Jonathan Jones

Measuring well-being: a tough but important job

‘If you treasure it, measure it.’ So Gus O’Donnell said when addressing the All Party Parliamentary Group on Wellbeing Economics in November. Well, the government has decided it treasures our well-being, and so is determined to measure it. It’s an incredibly tricky task — as I’ve noted before — but it’s a significant step forward that the Office for National Statistics has at least begun to try, and has finally started collecting a wealth of well-being data.

In April, the ONS began asking people four questions to measure their subjective well-being on a scale of one to ten:

Overall, how satisfied are you with your life nowadays?
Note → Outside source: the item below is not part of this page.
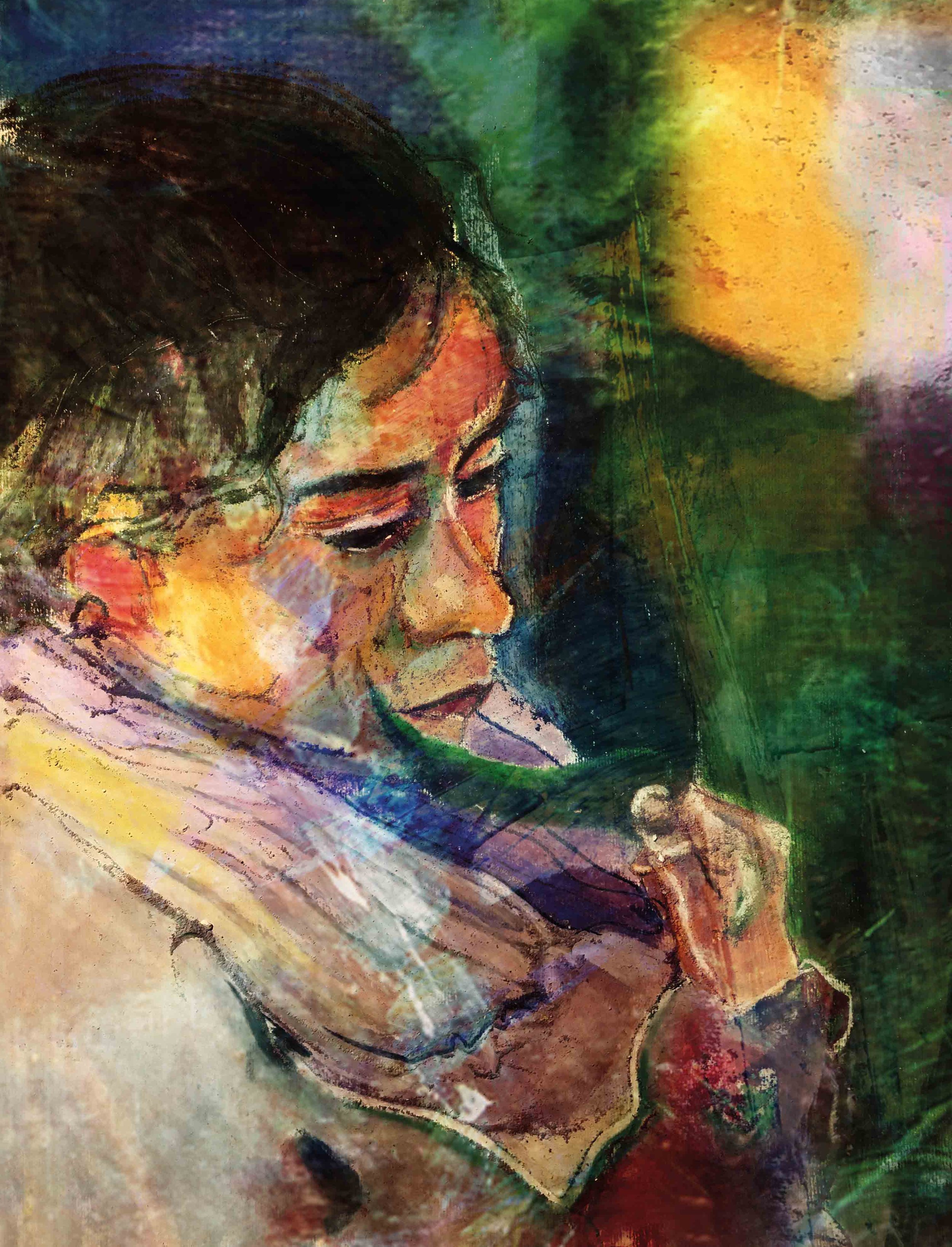 Ich erinnere mich gut an den Moment, in dem die Aufnahme, die als Grundlage dieses Kunstwerkes dient, entstand. Auf einem Spaziergang in der Abendsonne versank sie, zwei Blätter in der Hand haltend, in ihre eigene Welt.

Overall, to what extent do you feel the things you do in your life are worthwhile?

Overall, how happy did you feel yesterday?

Overall, how anxious did you feel yesterday?

In December, it released the results of the first few months of that survey, and today, we have the results from the first full year, as well as more detail on the range of other metrics (from life expectancy and household wealth to crime rates and pollution) it will use to measure well-being.

Today’s figures show that 75.9 per cent of UK adults report a ‘life satisfaction’ rating of 7 out of 10 or higher — the average score is 7.4. More interestingly, the ONS breaks down the figures for various groups of people. For example, we can see that women tend to say they’re more satisfied with life than men, but also more anxious. Young people and old people report the highest well-being: it seems 16-19 year-olds and over 60s are the most likely to be happy. The worst age for well-being seems to be around 50.

Many of the characteristics associated with high levels of subjective well-being are not surprising. People in good health are more likely to be satisfied than those whose health is poor. Married and cohabiting people have higher satisfaction, on average, than those who are single, divorced or separated. Similarly, people in work tend to be more satisfied than those who are unemployed — and those working in a profession especially so. There is also, as you might expect, a strong correlation between the four questions. That is, a group with high average life satisfaction also tends be happier and think their life is more worthwhile, and (to a slightly lesser extent) be less anxious than one with low life satisfaction.

The ONS also breaks the results down geographically, so we can see which are the ‘happiest’ and ‘saddest’ places in the UK:

Slowly but surely, the government is building up a decent picture of well-being in the UK. And this work has great potential. We will be better able to see which places and groups have the greatest need when it comes to well-being (rather than just purely economic indicators like employment and income), and therefore be able to better target policies. We will also be able to better judge whether policies are working well to improve well-being. Indeed, the Legatum Institute has just announced that Gus O’Donnell will chair a commission to examine the policy implications of all this.

But for all the flaws of GDP as a measure of how well the country is doing (best set out by Bobby Kennedy in 1968), it will be a while yet before the release of well-being figures like today’s attracts a similar level of attention to that we can expect tomorrow when the new GDP figures come out. Why? Because for GDP, we get a nice, single number every three months — if it’s up a fair bit, that’s good; if not, that’s bad. It does, of course, almost always turn out to be inaccurate and end up being changed a few months later, but that doesn’t matter in terms of making the day’s headlines. For well-being, coming up with a single number that encapsulates all its various aspects seems impossible. Instead, we might well be presented with a release that shows satisfaction up, happiness down and life expectancy flat. And where does that leave the headline writers?